• _Your objective_: Return only the lines below starting at the line containing "Светильник с выключателем" and ending at the line containing "料7月中动工年杪完工 绿峰岭华小快有食堂", both included, exactly as they are and with no pictures.

• _Supplied records_:

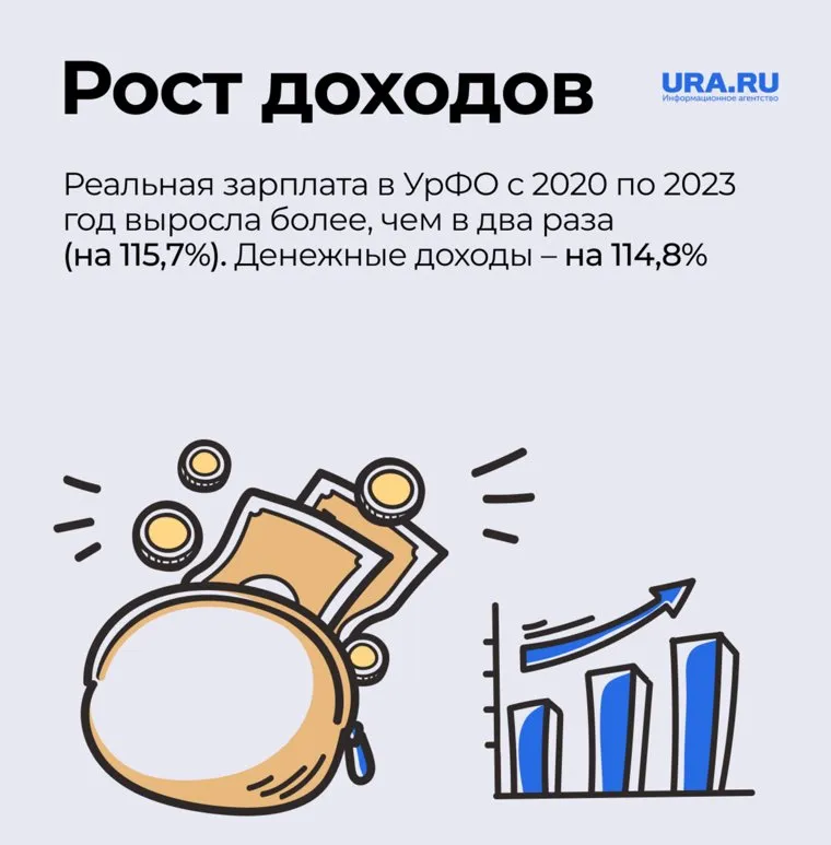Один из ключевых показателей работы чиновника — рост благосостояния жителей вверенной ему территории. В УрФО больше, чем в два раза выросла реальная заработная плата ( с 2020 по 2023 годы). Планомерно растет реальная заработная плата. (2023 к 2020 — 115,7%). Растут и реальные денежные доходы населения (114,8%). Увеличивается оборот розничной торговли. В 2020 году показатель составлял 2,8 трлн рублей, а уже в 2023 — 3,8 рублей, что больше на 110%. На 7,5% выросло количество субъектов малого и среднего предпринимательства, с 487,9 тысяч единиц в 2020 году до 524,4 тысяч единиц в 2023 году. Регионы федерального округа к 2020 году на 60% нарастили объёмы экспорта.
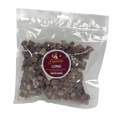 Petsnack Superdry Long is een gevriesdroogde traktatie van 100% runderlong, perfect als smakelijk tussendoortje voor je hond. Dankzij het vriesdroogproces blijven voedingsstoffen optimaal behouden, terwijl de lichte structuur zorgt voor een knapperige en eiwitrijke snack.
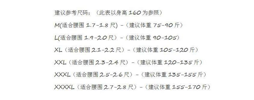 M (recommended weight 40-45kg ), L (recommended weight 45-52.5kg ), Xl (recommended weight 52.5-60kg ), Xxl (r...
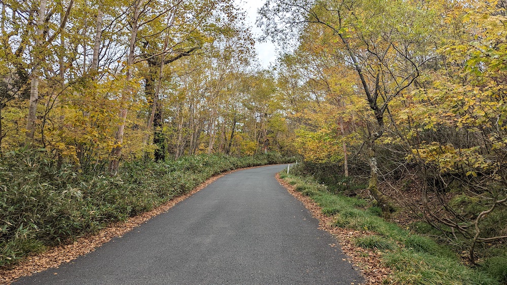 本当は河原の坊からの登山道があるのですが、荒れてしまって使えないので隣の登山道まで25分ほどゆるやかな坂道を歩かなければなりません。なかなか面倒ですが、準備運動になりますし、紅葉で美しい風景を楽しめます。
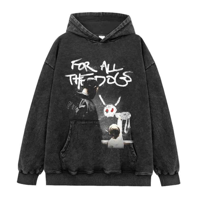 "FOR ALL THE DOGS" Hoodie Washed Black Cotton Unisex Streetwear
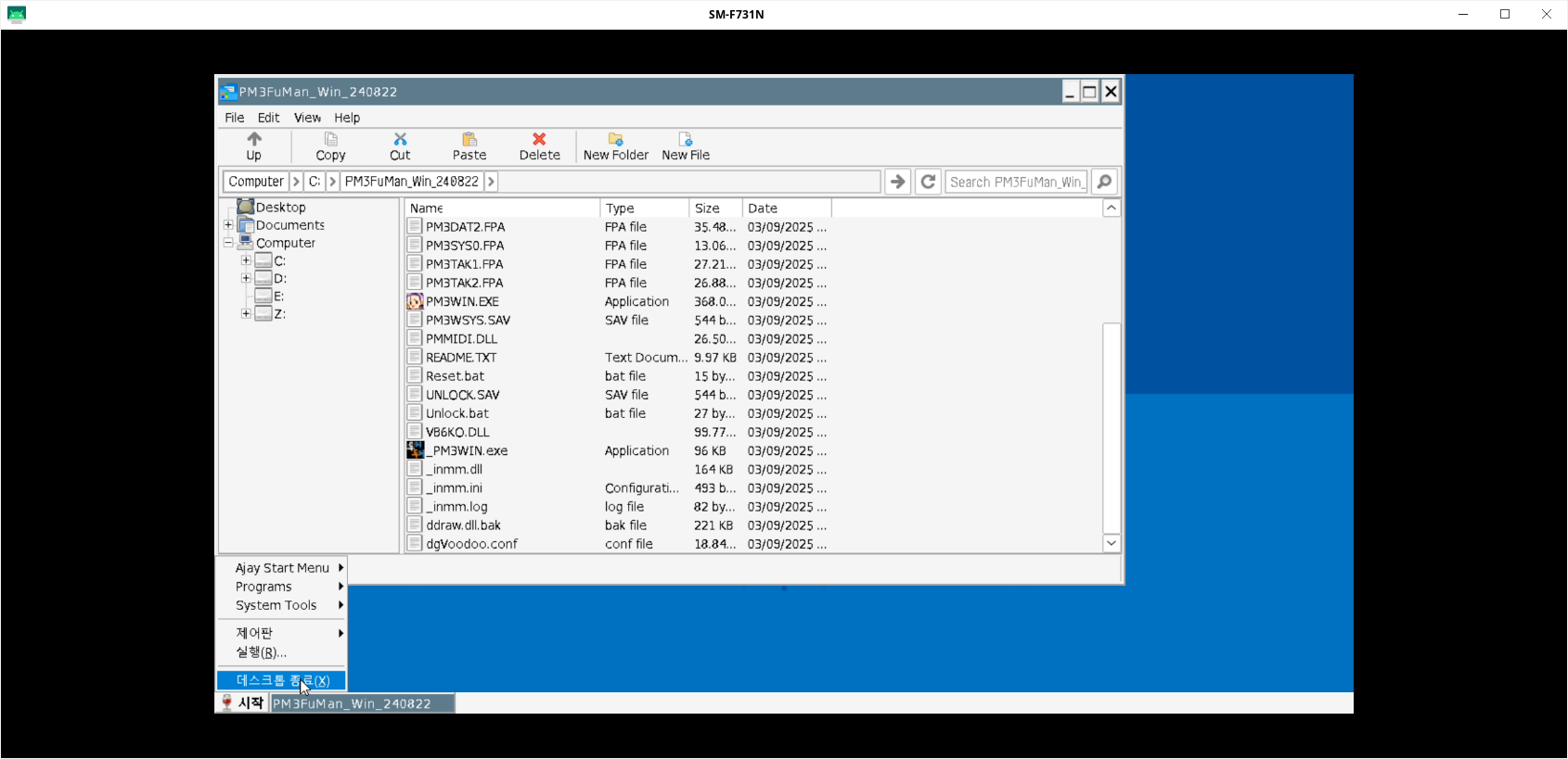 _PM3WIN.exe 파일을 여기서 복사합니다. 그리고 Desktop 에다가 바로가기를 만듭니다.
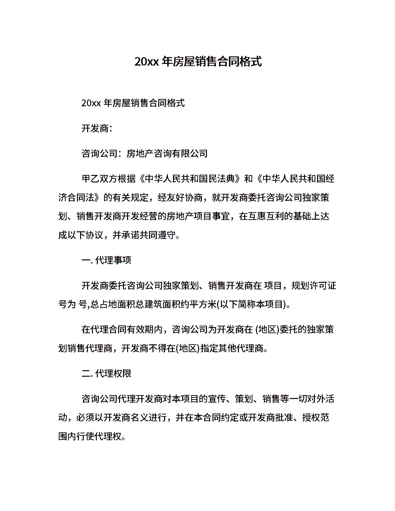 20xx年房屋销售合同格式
---
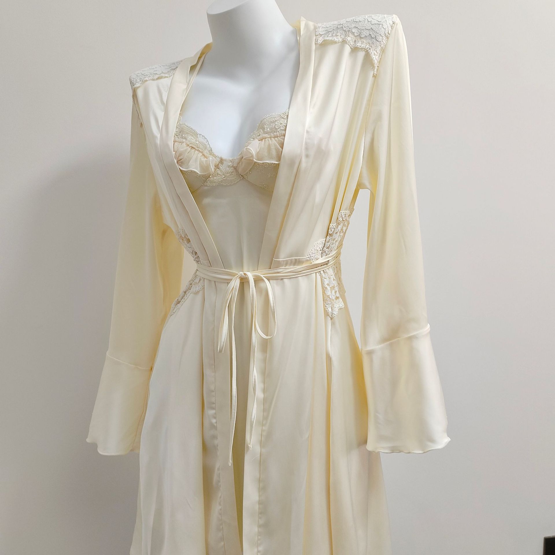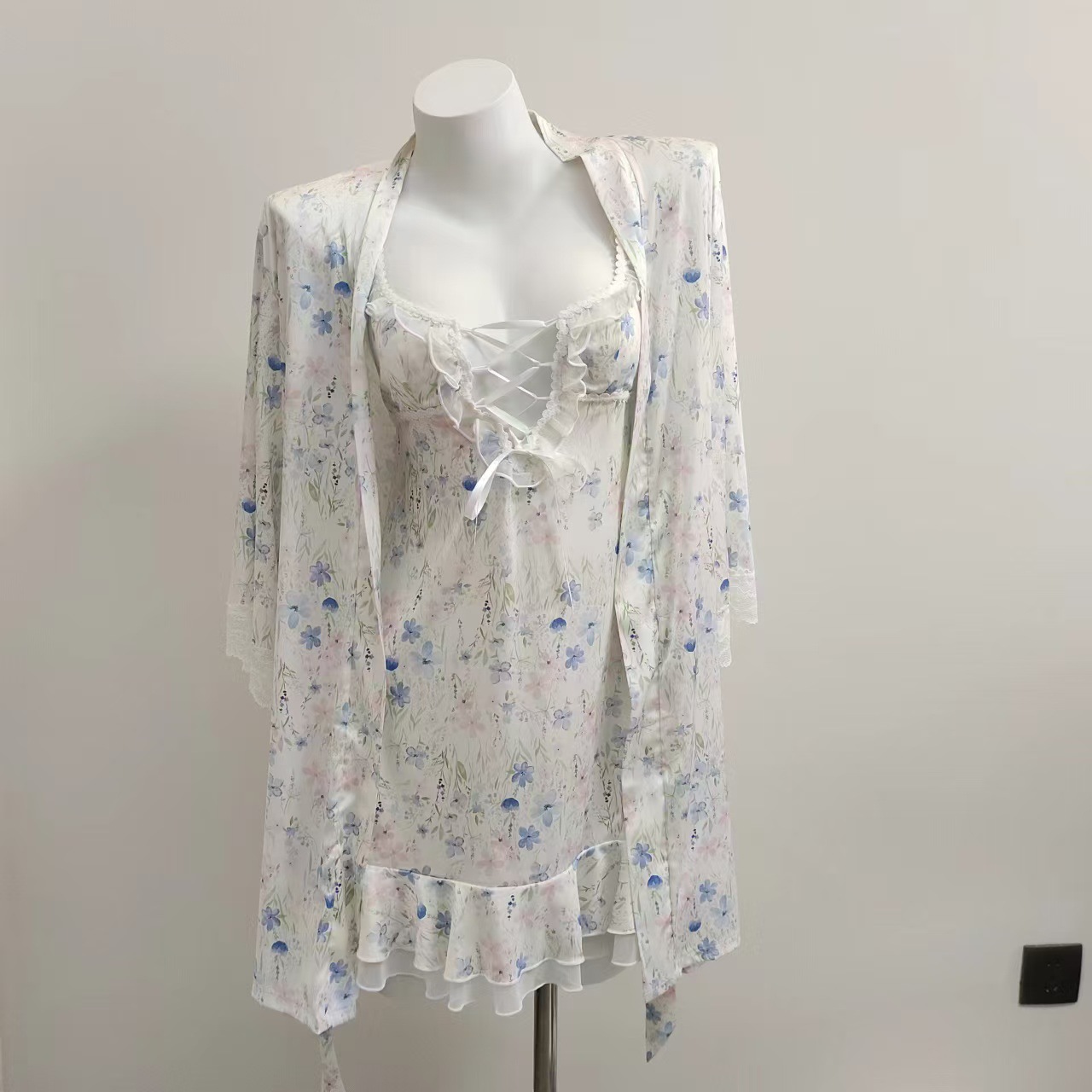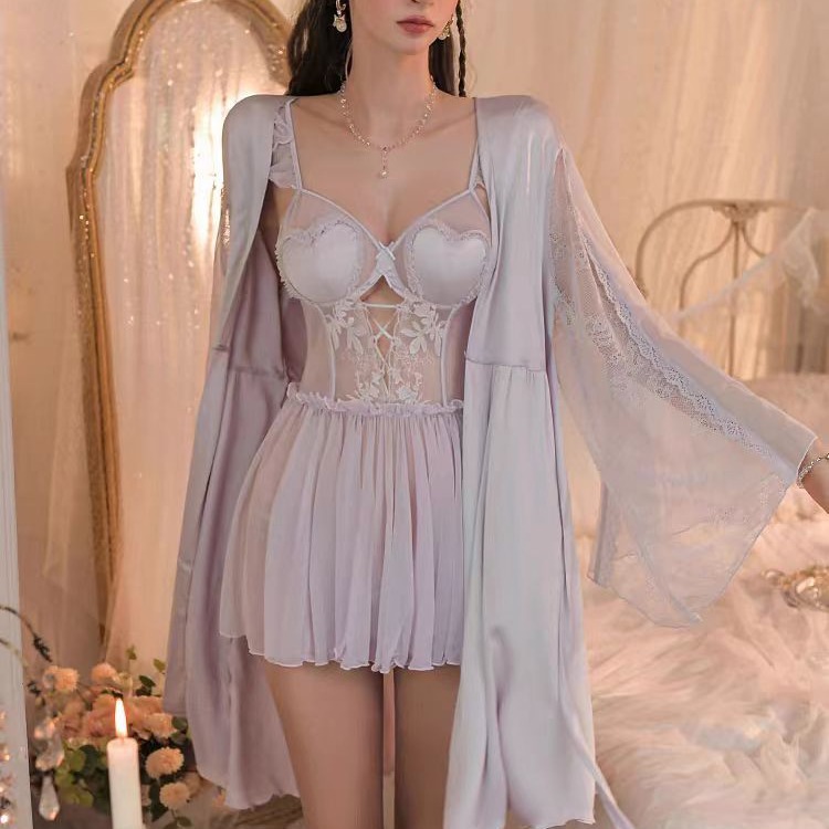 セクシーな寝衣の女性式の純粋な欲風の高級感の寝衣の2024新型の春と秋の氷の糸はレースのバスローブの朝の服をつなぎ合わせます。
---
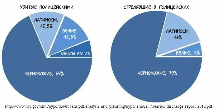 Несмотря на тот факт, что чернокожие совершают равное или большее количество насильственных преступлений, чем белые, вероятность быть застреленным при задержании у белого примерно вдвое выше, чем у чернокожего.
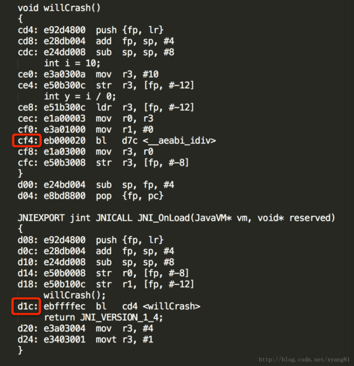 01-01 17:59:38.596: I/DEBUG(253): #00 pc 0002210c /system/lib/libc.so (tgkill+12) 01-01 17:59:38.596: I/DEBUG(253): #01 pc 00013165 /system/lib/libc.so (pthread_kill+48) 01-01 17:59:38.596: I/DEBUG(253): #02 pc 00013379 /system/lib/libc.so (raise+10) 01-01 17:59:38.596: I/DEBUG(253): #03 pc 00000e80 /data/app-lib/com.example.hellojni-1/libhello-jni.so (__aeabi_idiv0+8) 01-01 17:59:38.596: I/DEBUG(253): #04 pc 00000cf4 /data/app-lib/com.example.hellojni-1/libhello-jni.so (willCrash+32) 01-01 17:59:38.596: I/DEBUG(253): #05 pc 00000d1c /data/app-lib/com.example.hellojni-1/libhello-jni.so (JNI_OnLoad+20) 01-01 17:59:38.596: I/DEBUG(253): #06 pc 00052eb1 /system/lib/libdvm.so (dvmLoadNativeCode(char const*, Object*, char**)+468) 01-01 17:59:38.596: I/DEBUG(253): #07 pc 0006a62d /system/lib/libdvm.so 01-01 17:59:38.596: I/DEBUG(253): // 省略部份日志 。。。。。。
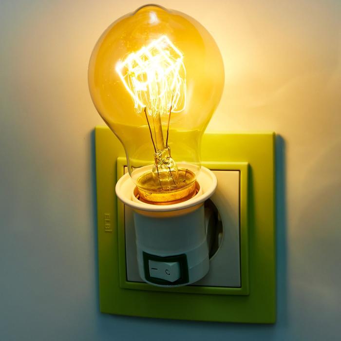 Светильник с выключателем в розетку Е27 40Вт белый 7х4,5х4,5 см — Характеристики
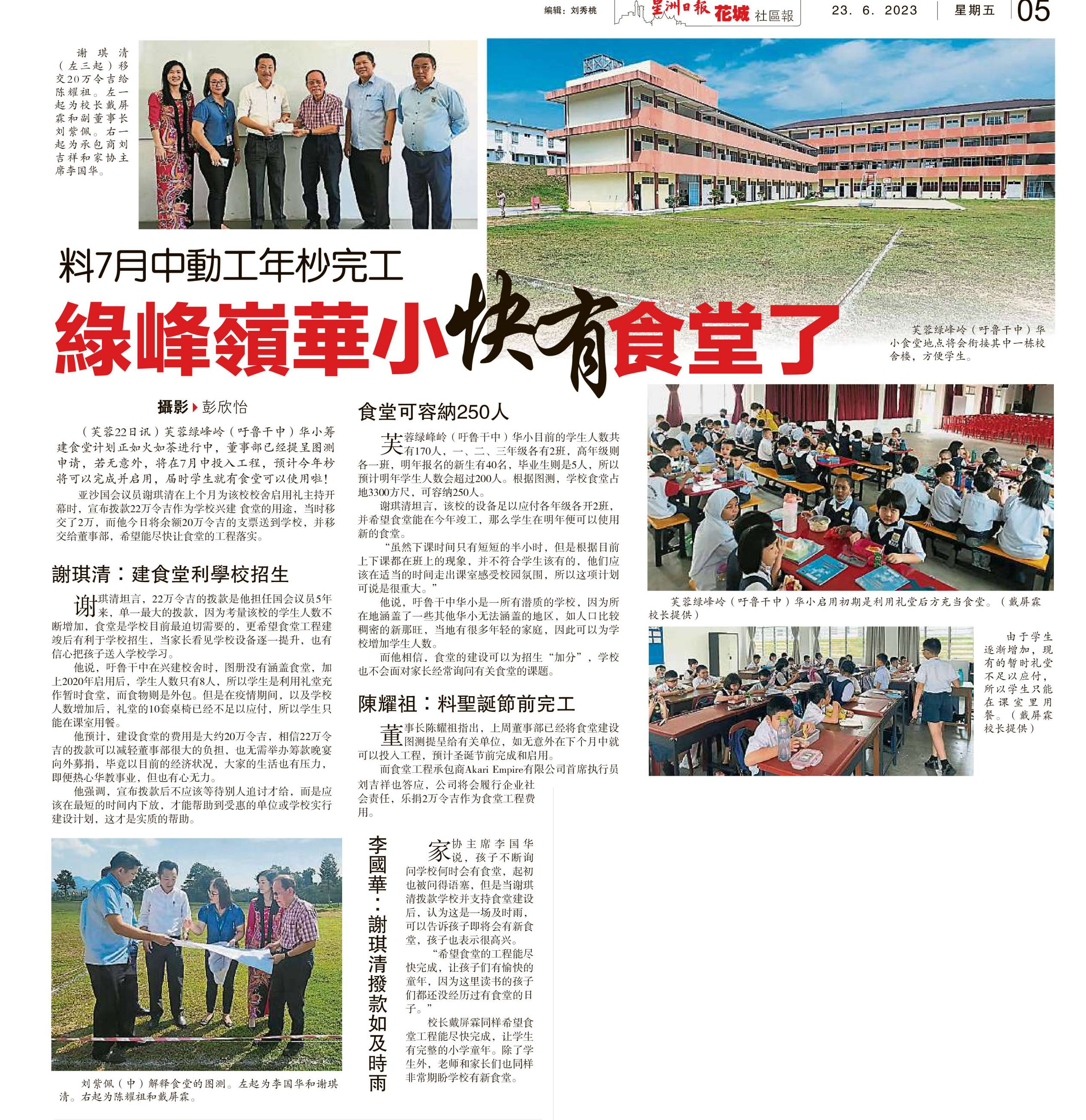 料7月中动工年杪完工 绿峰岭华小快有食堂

• _Result for this exercise_:
 Светильник с выключателем в розетку Е27 40Вт белый 7х4,5х4,5 см — Характеристики
 料7月中动工年杪完工 绿峰岭华小快有食堂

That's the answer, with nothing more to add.